◆ **BRIEF**
Start at the line below containing "HPMC sounds like" and stop at the line containing "Thầy Hoàng Quốc". Repeat every line of that stretch exactly, and nothing outside it.

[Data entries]
----

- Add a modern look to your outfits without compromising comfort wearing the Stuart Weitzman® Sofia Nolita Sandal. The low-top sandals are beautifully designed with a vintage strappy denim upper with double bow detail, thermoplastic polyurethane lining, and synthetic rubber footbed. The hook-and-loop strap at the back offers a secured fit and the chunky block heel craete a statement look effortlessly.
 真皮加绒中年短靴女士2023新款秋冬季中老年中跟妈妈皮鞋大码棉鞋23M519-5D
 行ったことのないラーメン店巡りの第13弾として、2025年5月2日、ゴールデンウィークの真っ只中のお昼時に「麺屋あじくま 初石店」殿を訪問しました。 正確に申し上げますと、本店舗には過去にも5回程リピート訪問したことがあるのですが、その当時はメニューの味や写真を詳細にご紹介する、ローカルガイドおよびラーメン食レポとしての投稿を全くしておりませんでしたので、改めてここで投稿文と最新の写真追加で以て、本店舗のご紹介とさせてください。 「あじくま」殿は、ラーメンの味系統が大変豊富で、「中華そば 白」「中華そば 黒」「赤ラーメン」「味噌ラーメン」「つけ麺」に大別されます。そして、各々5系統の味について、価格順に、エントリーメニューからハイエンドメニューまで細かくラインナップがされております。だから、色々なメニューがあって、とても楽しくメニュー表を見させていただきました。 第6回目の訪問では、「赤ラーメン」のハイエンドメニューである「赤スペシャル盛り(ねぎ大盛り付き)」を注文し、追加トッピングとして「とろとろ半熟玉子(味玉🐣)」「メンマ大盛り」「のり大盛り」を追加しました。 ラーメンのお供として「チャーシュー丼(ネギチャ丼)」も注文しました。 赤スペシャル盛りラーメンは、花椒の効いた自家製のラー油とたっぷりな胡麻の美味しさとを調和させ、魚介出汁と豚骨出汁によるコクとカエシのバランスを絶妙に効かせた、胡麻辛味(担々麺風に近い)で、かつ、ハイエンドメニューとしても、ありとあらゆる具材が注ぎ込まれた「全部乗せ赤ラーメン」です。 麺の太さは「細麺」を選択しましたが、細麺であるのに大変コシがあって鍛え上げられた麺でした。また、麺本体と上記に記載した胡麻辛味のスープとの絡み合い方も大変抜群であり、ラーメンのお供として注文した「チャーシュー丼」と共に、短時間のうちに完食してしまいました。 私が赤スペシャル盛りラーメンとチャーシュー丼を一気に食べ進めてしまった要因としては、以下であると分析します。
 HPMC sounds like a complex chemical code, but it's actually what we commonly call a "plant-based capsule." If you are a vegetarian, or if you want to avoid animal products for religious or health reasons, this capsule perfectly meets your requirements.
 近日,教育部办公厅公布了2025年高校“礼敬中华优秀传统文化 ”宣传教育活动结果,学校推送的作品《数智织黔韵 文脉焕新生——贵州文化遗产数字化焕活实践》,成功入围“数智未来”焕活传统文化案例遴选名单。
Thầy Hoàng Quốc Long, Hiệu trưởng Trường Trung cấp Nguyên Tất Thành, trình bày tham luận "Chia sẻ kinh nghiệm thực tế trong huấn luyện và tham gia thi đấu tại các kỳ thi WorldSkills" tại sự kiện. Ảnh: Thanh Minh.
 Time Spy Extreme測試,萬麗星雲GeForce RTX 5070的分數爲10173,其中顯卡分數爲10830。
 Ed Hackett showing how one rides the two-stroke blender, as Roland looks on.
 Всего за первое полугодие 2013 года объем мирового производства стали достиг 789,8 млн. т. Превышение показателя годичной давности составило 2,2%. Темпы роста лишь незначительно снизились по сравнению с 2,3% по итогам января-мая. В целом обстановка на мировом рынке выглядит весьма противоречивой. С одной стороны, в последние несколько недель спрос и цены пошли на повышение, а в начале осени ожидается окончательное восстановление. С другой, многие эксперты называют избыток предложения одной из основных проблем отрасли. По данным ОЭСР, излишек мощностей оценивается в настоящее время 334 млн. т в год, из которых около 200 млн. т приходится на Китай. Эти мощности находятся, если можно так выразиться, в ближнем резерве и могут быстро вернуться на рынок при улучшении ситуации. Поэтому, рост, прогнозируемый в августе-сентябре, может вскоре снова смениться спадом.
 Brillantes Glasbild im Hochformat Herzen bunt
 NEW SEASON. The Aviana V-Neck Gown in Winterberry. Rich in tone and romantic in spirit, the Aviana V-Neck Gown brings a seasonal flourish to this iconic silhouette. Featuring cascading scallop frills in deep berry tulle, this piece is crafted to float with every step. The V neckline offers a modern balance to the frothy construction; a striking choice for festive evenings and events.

----

◆ **OUTPUT BELOW**
 HPMC sounds like a complex chemical code, but it's actually what we commonly call a "plant-based capsule." If you are a vegetarian, or if you want to avoid animal products for religious or health reasons, this capsule perfectly meets your requirements.
 近日,教育部办公厅公布了2025年高校“礼敬中华优秀传统文化 ”宣传教育活动结果,学校推送的作品《数智织黔韵 文脉焕新生——贵州文化遗产数字化焕活实践》,成功入围“数智未来”焕活传统文化案例遴选名单。
Thầy Hoàng Quốc Long, Hiệu trưởng Trường Trung cấp Nguyên Tất Thành, trình bày tham luận "Chia sẻ kinh nghiệm thực tế trong huấn luyện và tham gia thi đấu tại các kỳ thi WorldSkills" tại sự kiện. Ảnh: Thanh Minh.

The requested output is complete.